Material for this exercise START
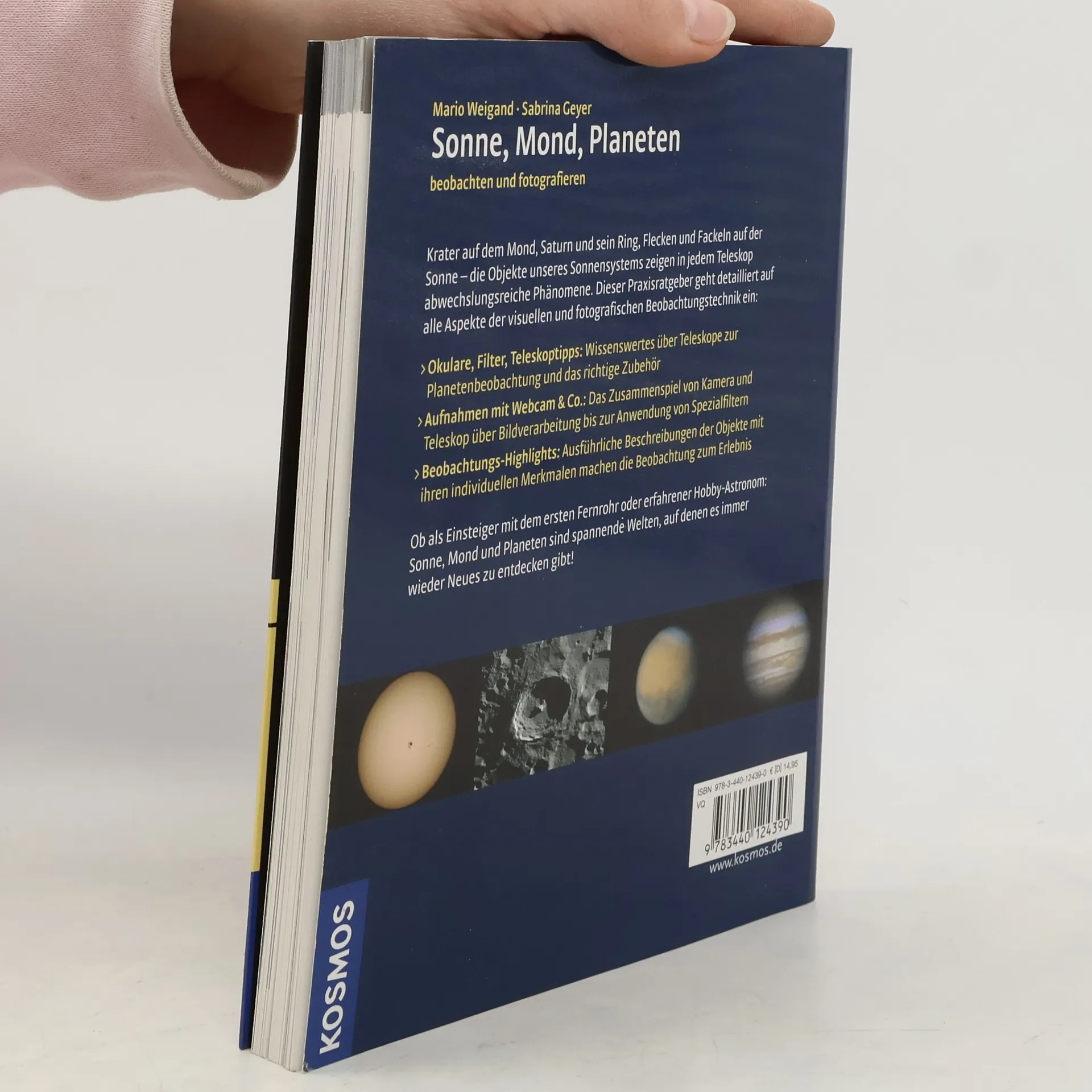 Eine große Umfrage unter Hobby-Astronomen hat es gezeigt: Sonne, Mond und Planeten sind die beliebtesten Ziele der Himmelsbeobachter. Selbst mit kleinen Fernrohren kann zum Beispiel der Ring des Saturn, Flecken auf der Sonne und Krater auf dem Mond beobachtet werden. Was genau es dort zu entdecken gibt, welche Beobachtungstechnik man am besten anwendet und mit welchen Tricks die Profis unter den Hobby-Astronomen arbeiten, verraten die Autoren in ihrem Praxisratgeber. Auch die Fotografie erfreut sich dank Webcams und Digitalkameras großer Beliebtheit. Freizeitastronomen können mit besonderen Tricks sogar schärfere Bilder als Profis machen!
Material for this exercise END
Material for this exercise START
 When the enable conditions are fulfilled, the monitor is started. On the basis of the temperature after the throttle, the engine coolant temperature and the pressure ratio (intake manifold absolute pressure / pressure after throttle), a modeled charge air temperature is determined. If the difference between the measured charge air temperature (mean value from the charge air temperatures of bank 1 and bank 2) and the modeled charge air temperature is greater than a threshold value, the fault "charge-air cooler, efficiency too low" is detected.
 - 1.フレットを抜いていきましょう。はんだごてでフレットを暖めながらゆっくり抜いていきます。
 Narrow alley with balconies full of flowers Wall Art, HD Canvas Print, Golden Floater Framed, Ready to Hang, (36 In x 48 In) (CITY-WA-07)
Material for this exercise END
Description of the task: Starting with the line with "- 1.フレットを抜いていき" above and going on through the line with "Narrow alley with", transcribe every line exactly, both ends included, and add nothing.

Answer section:
 - 1.フレットを抜いていきましょう。はんだごてでフレットを暖めながらゆっくり抜いていきます。
 Narrow alley with balconies full of flowers Wall Art, HD Canvas Print, Golden Floater Framed, Ready to Hang, (36 In x 48 In) (CITY-WA-07)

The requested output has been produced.